Özellikle mortgage destekli menkul kıymet işlemlerinde Merkez Bankası'nın Wall Street'in en büyük müşterisi haline geldiği gözlenirken, FED en fazla tahvil alan kurum olarak da öne çıktı. Amerikan Merkez Bankası, yaptığı tüm işlemler öncesinde ve işlem ardından yaptığı açıklamalarla şeffaflığa özel önem veriyor.

Financial Times'a konuşan eski hazine yöneticileri bu şeffaflığın banka aleyhine çalıştığını belirterek, "Herkes Merkez Bankası'nın elini görüyor. Herkes FED'le yaptığı işlemlerle cebini dolduruyor" dedi.

Banka yöneticileri ise şeffaflık olmazsa diğer alanlarda Merkez Bankası'nın büyük eleştirilerle karşı karşıya kalabileceği görüşündeler. Temsilciler Meclisi Mali Hizmetler Komitesi Başkanı Barney Frank, bu işlemlerin piyasalarda fiyat istikrarını sağlamak üzere gerektiğini belirtti. Frank, "Kredi sistemini birilerine para kazandırmadan düzenleyemezsiniz" dedi.

Dövize alım ihaleleriyle örtülü müdahale

Türk Lirası'nın dolar karşısında Mart ayından bu yana yüzde 40'ı aşan değer artışı, Merkez Bankası'nı harekete geçirdi. Doların 1.47'ye gerilemesi ardından, Merkez Bankası Ekim 2008'de sona erdirdiği döviz alım ihalelerine başlayacağını açıkladı. Merkez Bankası'ndan yapılan açıklamaya göre, yarından itibaren başlayacak döviz alım ihalelerinde günlük 30 milyon dolarlık alım yapılacak. Gerektiğinde de 30 milyon dolarlık opsiyon kullandırabileceğini de açıklayan Merkez Bankası, böylece bir günde en fazla 60 milyon dolarlık alım yapacak.

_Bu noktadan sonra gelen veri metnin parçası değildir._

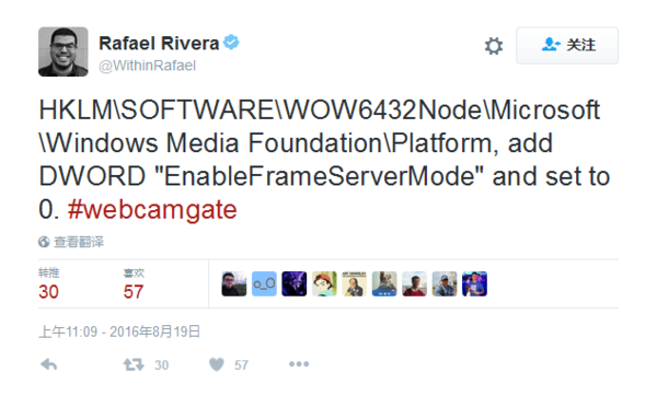 目前工程师Rafael Rivera已经在推文上提供了临时解决方案,在注册表HKLMSOFTWAREWOW6432NodeMicrosoftWindows Media FoundationPlatform路径下新建EnableFrameServerMode的键值,并设置为0,即可正常使用摄像头。

Merkez Bankası'nın döviz piyasasındaki oynaklık karşısında aldığı bu karar, piyasaya örtülü müdahale anlamına geliyor.

İlk olarak 2002'de yapılan döviz alım ihalelerinden bugüne kadar 39,8 milyar dolarlık alım yapan Merkez Bankası, yaptığı açıklamada döviz rezervlerinin kuvvetlendirmesi için uygun bir ortam oluştuğunu ifade etti. İhale açıklaması ardından bankalararası piyasada 1.47'ye inen dolar 1.4750 düzeyine yükseldi.